The monitoring architecture: Conceivably, a business service could use applications, some of which could be hosted in one cloud (public cloud) and some others in another cloud (private cloud), and there may be stringent firewall rules prohibiting communication across these clouds except over standard ports, using standard protocols. Many of the large monitoring frameworks have been designed to use SNMP or other proprietary communication protocols and are ideal for monitoring in networks that are governed by a single domain. As services start to span multiple clouds and multiple domains of control, these single domain monitoring frameworks fail to function effectively.  Hence, if you are using one of the large management frameworks that have been architected decades ago, then yes – you need to consider a new approach for cloud monitoring!

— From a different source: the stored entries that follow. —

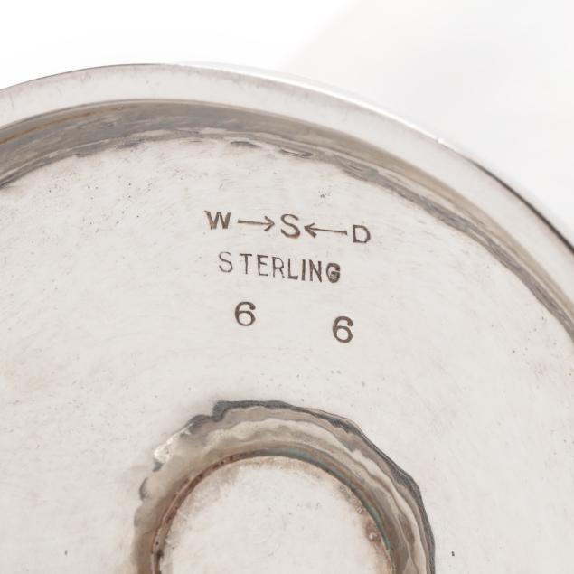 Mid-20th century, pattern number 66, marked of "WSD", each a flared form with round base featuring a hand-hammered surface, not monogrammed.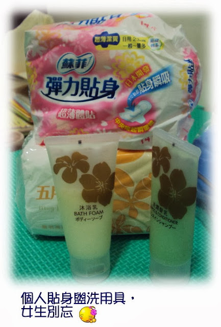 6.清潔用品1 套濕巾、衛生紙、清潔皂等 (女生請加衛生棉、護墊) 。 | ||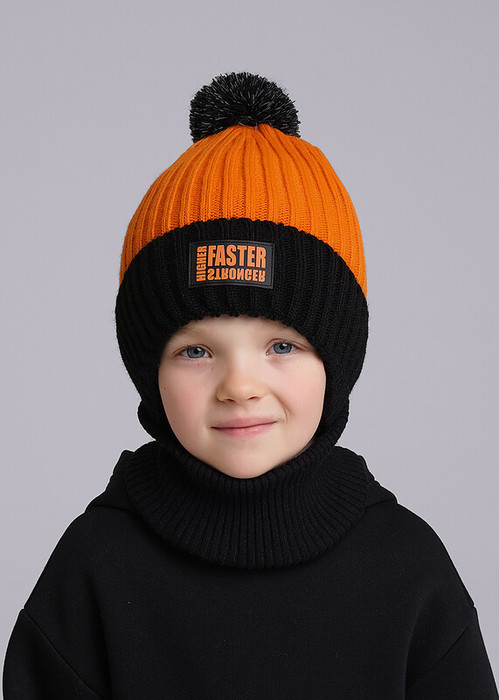 Clever Шапка детская CLE 433843ап флис чёрный/оранжевый

In contrast, the next gen monitoring solutions like eG Enterprise have been designed ground up with multiple domains of control in mind. Administrators can choose between agent-based and agentless monitoring. All communications happen over standard web protocols HTTP/HTTPS, and the agents do not listen on any ports. Not only is this architecture secure, it also lends itself well for operating across cloud providers. Hence, if you are using a next gen monitoring solution like eG Enterprise, the advent of private and public clouds does not mandate an architectural change.

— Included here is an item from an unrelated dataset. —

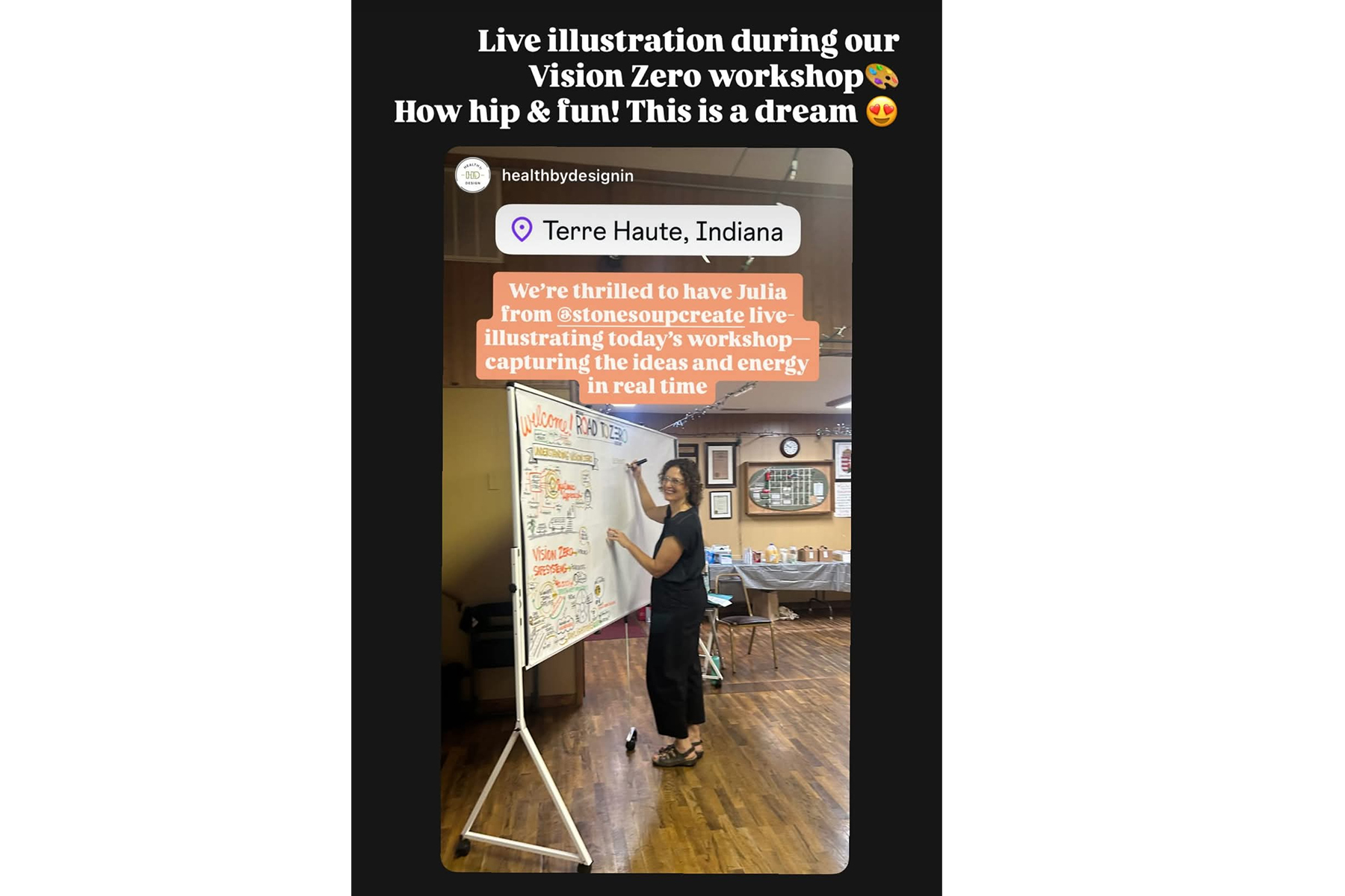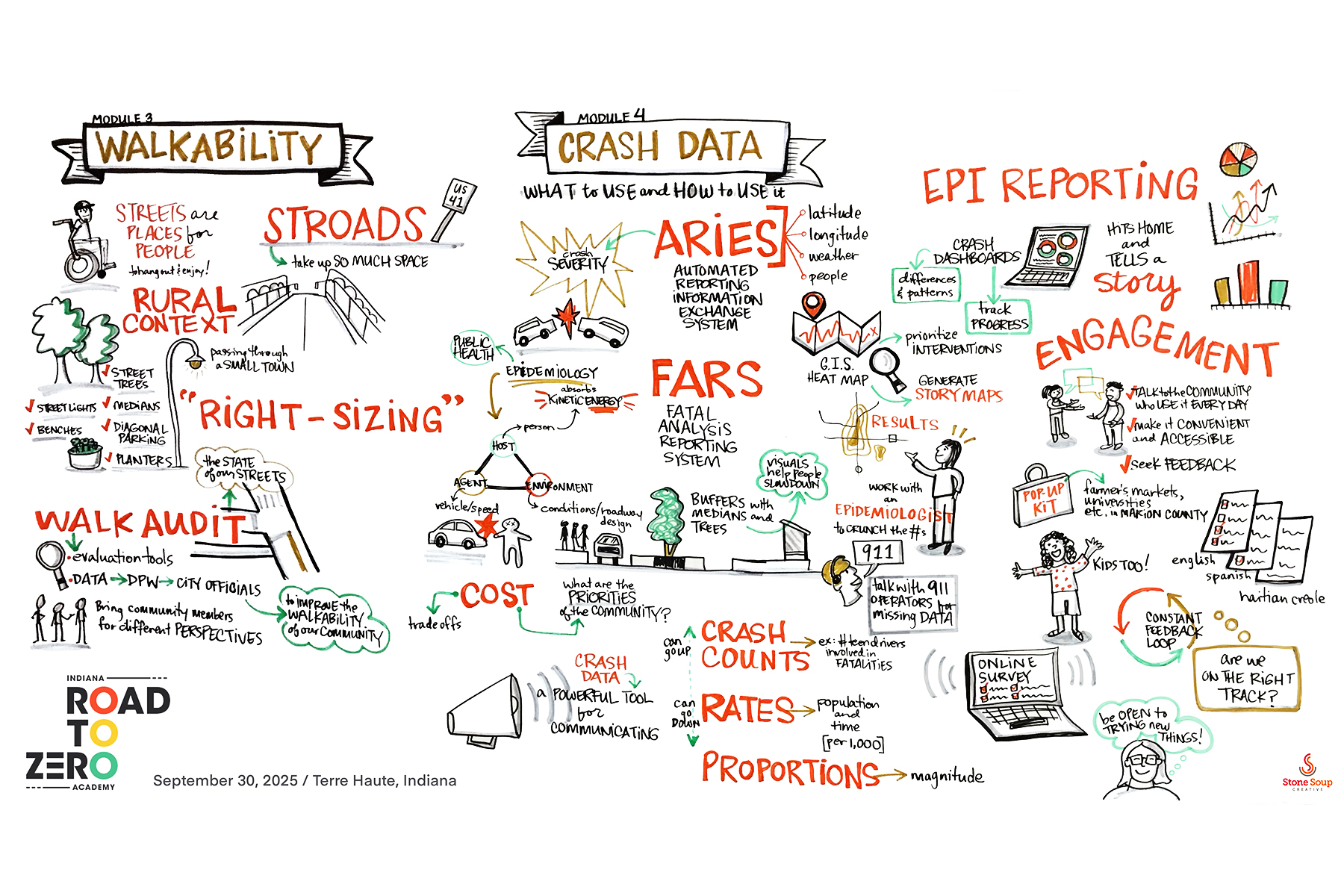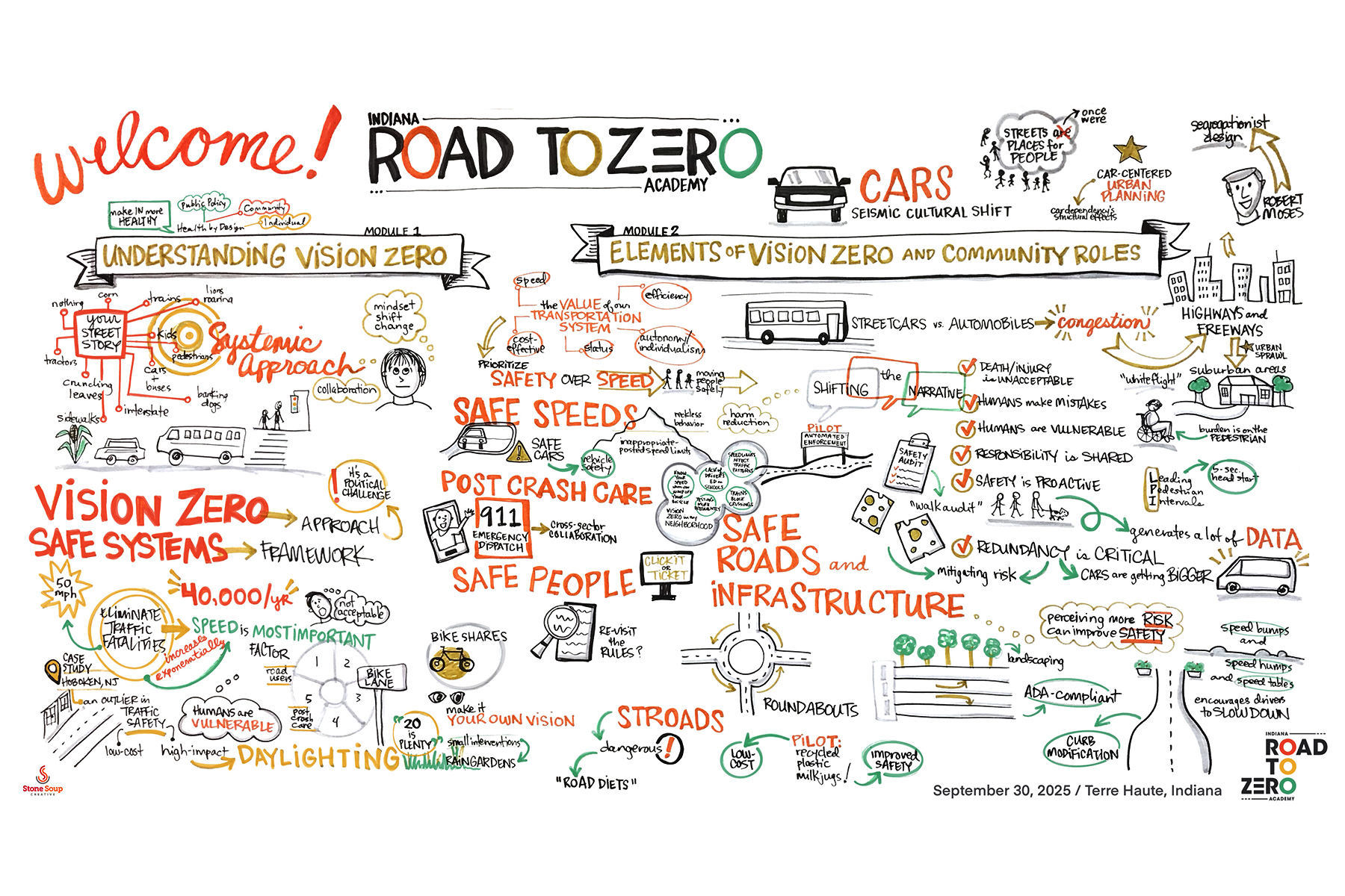 Right here in my city, community advocates, neighborhood leaders, transportation and public health professionals, planners, educators, and anyone committed to creating safer streets across Indiana convened for this full-day interactive training designed to equip community leaders, advocates, and professionals with tools to advance traffic safety initiatives with the goal of eliminating roadway fatalities in Indiana. I had the pleasure of taking visual notes for a mix of presentations, discussions, and hands-on activities, while participants explored the Vision Zero framework, learned practical advocacy skills, and left with a clear action plan.

The metrics collected: Internal monitoring of the applications (by deploying agents to integrate with the application) still has value as it can provide additional details of malfunctioning applications (e.g., which SQL query is slow, or which Java method is taking time). The value of internal monitoring is not de-emphasized because you have moved the application to the cloud.

On the other hand, the advent of the cloud has increased the importance we have to place on external monitoring of applications. The best way of determining if your application hosted in a cloud is working well or not is by periodically measuring its availability and responsiveness. Tools and techniques for performing such external monitoring already exist (we have used external monitoring for years to check on the performance of hosted applications and servers) – you just to make sure you deploy them effectively and that you pay attention to the results.

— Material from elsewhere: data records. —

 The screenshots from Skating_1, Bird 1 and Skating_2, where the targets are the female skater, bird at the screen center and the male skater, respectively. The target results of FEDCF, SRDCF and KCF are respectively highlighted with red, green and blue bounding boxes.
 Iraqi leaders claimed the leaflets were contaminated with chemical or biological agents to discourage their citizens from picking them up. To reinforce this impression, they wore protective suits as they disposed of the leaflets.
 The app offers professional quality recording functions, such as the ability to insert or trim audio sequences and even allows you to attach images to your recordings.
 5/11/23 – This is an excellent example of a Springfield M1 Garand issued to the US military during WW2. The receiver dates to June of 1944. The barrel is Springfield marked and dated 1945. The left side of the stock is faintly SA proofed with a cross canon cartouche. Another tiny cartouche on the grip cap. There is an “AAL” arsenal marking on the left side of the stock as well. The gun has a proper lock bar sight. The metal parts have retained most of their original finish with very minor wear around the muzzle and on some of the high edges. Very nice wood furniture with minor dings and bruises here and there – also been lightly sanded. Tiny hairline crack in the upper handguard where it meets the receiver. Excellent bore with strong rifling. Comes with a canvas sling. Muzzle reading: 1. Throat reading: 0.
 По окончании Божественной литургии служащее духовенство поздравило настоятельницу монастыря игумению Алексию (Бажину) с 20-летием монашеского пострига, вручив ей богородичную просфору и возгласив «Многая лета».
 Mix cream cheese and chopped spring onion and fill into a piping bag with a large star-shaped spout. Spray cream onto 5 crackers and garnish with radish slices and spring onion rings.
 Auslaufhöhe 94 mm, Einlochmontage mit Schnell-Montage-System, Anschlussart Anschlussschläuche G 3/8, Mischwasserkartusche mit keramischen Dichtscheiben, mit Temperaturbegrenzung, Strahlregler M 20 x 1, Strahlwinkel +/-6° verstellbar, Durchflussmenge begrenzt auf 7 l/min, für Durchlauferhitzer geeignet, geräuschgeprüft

Based on the above discussion, we can conclude that the cloud has not fundamentally changed the type of metrics that you need to be collecting. Of course, to know if the cloud is working well and what portion of the resources you have paid for are being used, new metrics will have to be incorporated. Most cloud providers have published APIs from which these metrics can be obtained.

Metric analysis and root-cause diagnosis: The analysis of metrics is no different in a cloud environment. The same cannot be said about root-cause diagnosis. Just like the introduction of virtualization introduced additional complexity that had to be handled as part of the root-cause diagnosis process, the introduction of the cloud forces root-cause diagnosis to take into account the functioning of the cloud. For instance, if an application is exhibiting poor response times, is it because the application is malfunctioning, or the workload is unusually high, or is it because the cloud provider is not providing the resources you had requested for the application, or could it be that you have not provisioned the cloud server correctly and hence, you are hitting a resource crunch.  Root-cause diagnosis technology must evolve to handle this additional complexity. As with any new technology, the emphasis of most early solutions for cloud is on the metrics and not on the root-cause diagnosis capability.

To summarize, “monitoring in the cloud” is nothing more than a remote hosting model for the management system. “Monitoring the cloud” requires adaptations to monitoring solutions to accommodate the additional infrastructure tiers involved. The changes required are evolutionary and not radically new in nature.